Ghana’s inflation rate fell sharply to 9.4% in September 2025, marking the lowest level the country has seen since August 2021. This represents a significant drop from the 11.5% recorded in August, reflecting growing signs of macroeconomic stability.
The announcement was made by Alhassan Iddrisu, Ghana’s Government Statistician, during a briefing with journalists on Wednesday.
“The steady drop in inflation shows a sustained shift in prices, signaling that Ghana is firmly on the path to macroeconomic stability,” Iddrisu said.
According to him, the decline was largely driven by lower food inflation, while non-food prices remained more stable.

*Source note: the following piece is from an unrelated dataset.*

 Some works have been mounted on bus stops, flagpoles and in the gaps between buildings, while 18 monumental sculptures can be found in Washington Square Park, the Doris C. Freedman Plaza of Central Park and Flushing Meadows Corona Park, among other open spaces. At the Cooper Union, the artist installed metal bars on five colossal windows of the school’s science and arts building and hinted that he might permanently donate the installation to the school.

Central Bank Moves Support Inflation Decline
The development follows the Bank of Ghana’s decision earlier in September to cut its benchmark interest rate by a record 350 basis points, bringing it down to 21.5%.

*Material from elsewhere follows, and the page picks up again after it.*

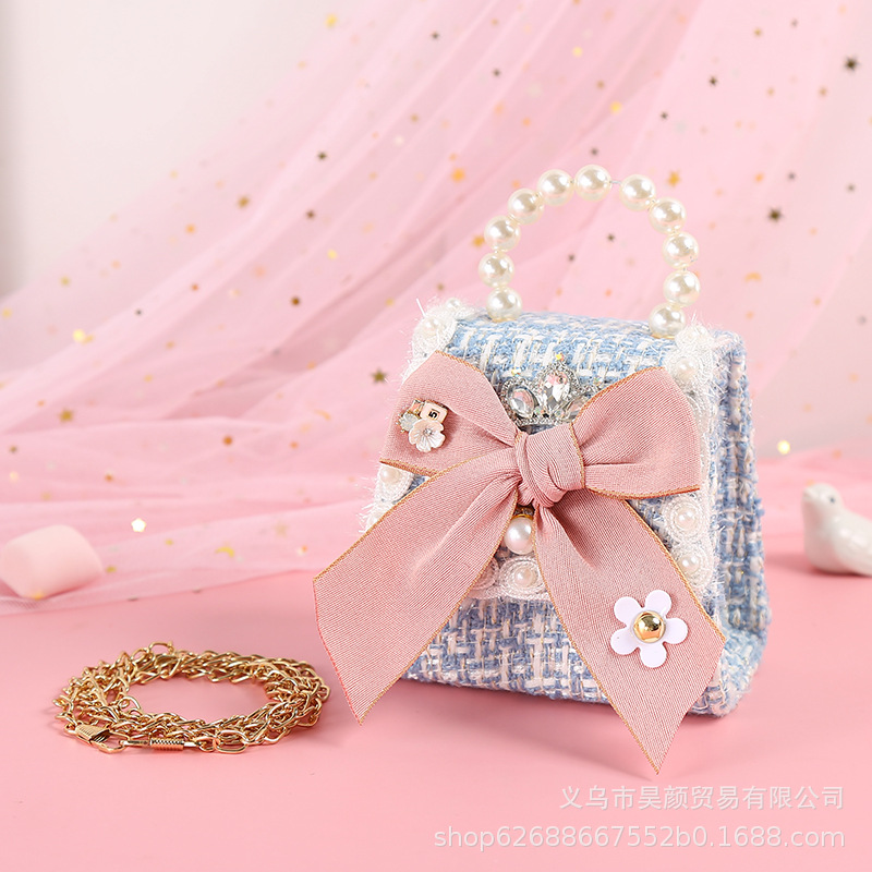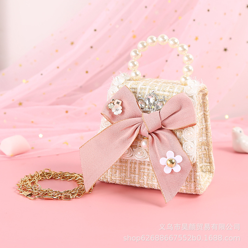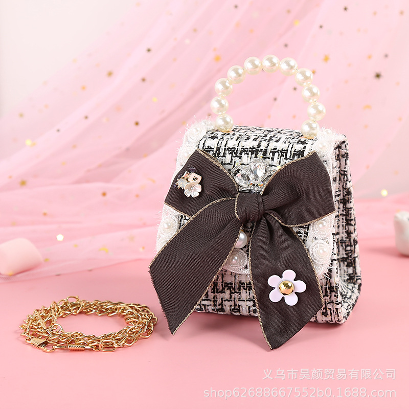 2021 샤넬 스타일 새로운 다채로운 활 스타일 귀여운 휴대용 진주 크로스 바디 어린이 가방 820스토어 가기

This was the second major rate cut in 2025, with the central bank citing declining inflation and stronger fiscal performance.
“The decision reflects a sustained decline in inflationary pressures and the expectation of continued fiscal consolidation,” said Governor Johnson Asiama.
The Bank also projected that inflation would settle within its medium-term target range of 6% to 10% by Q4 2025.
Ghana is currently recovering from its worst economic crisis in decades. Just nine months ago, in December 2024, the inflation rate soared to 23.8%, capping a year of severe economic stress.
Inflation had begun climbing in September 2024, rising from 21.5% to 22.1% in October and 23% in November, before peaking in December.
With this latest drop, analysts say the country appears to be turning a corner, aided by strong monetary interventions and improved supply chain dynamics, especially in the food sector.